PROBLEM TO WORK ON: From the entries below, reproduce exactly the lines from the one with "Konfety hvězdičky. Vhodné" through the one with "через бросание кубика.", both included, without images.

STUDY MATERIAL:
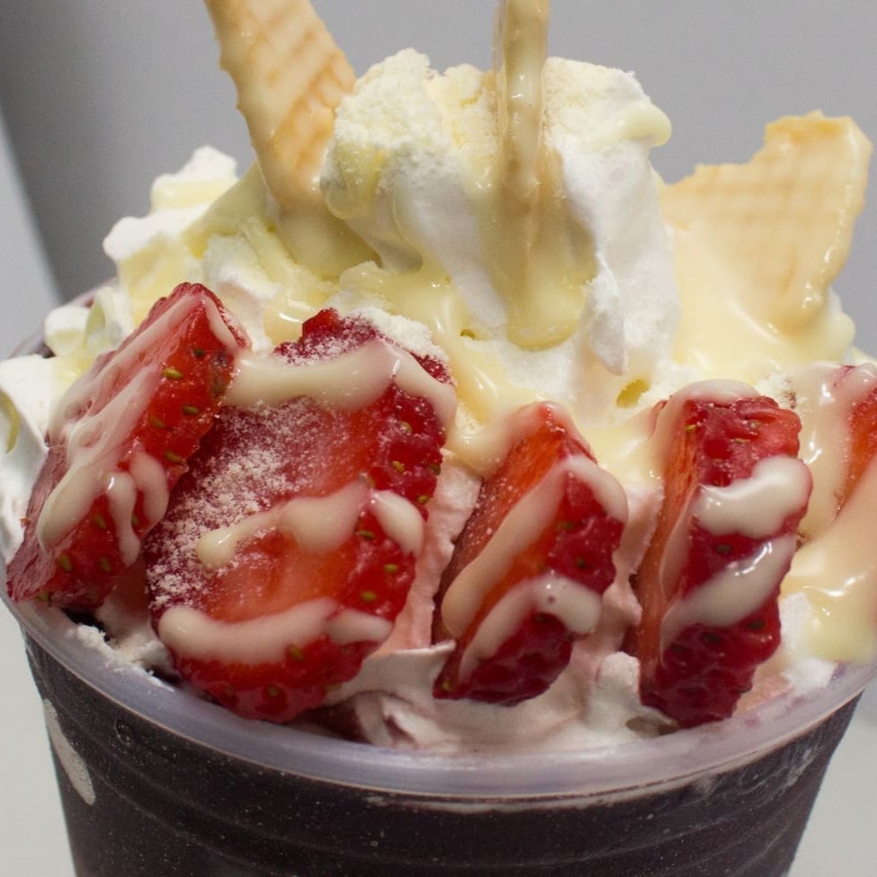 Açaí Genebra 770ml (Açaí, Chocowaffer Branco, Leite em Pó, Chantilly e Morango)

* * *

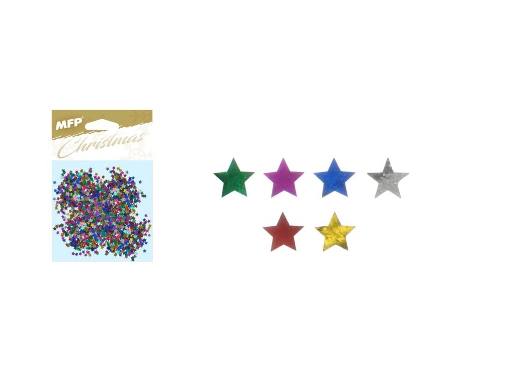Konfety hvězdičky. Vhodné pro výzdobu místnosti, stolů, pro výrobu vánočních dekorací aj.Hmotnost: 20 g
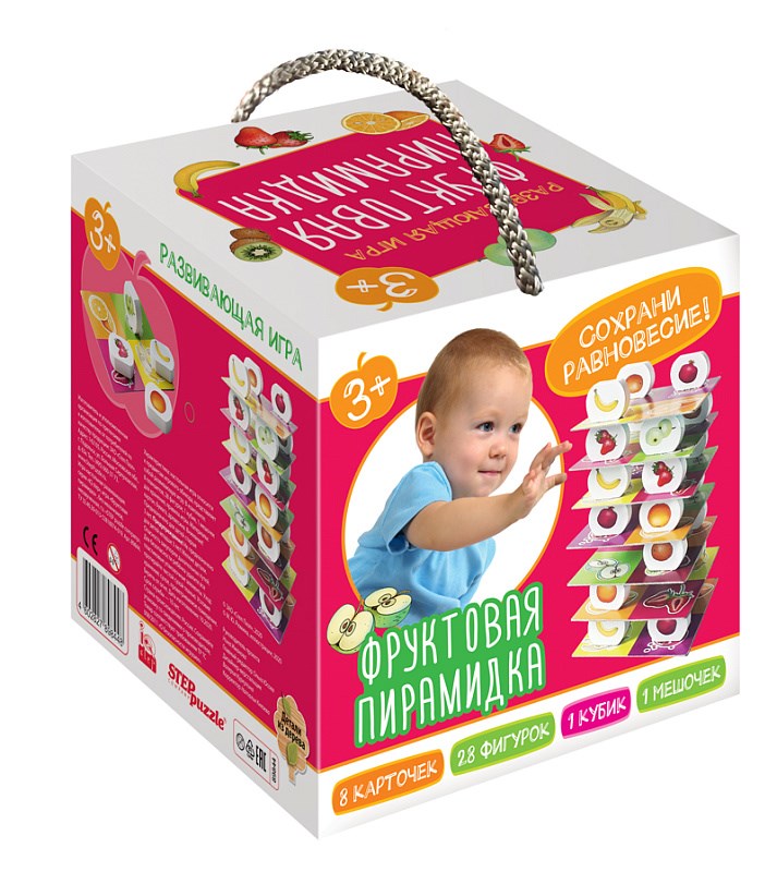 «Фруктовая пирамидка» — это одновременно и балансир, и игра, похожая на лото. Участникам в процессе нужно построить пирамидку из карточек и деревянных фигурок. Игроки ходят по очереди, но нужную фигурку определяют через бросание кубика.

--

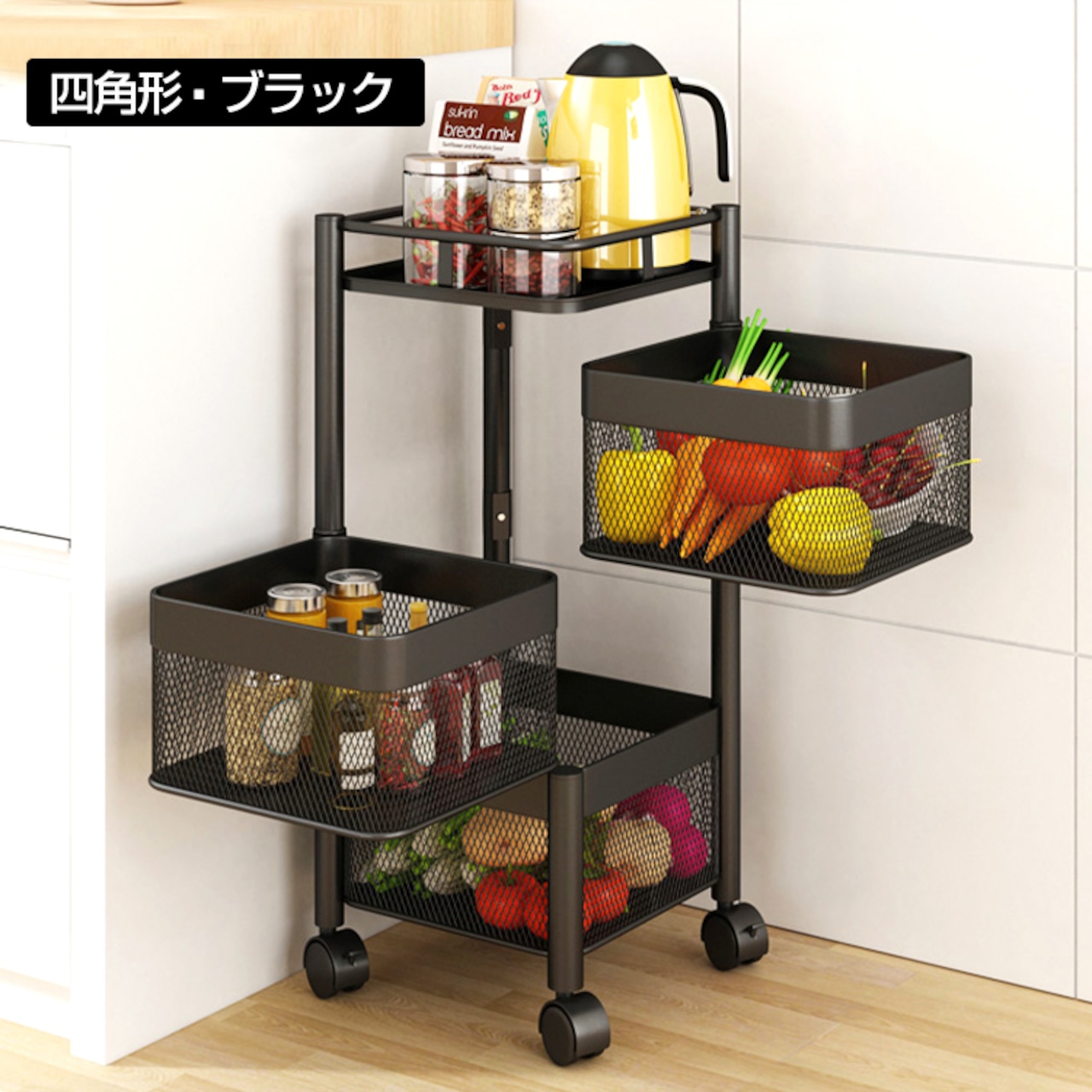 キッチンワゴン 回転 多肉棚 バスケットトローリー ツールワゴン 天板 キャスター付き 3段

ANSWER AREA:
Konfety hvězdičky. Vhodné pro výzdobu místnosti, stolů, pro výrobu vánočních dekorací aj.Hmotnost: 20 g
 «Фруктовая пирамидка» — это одновременно и балансир, и игра, похожая на лото. Участникам в процессе нужно построить пирамидку из карточек и деревянных фигурок. Игроки ходят по очереди, но нужную фигурку определяют через бросание кубика.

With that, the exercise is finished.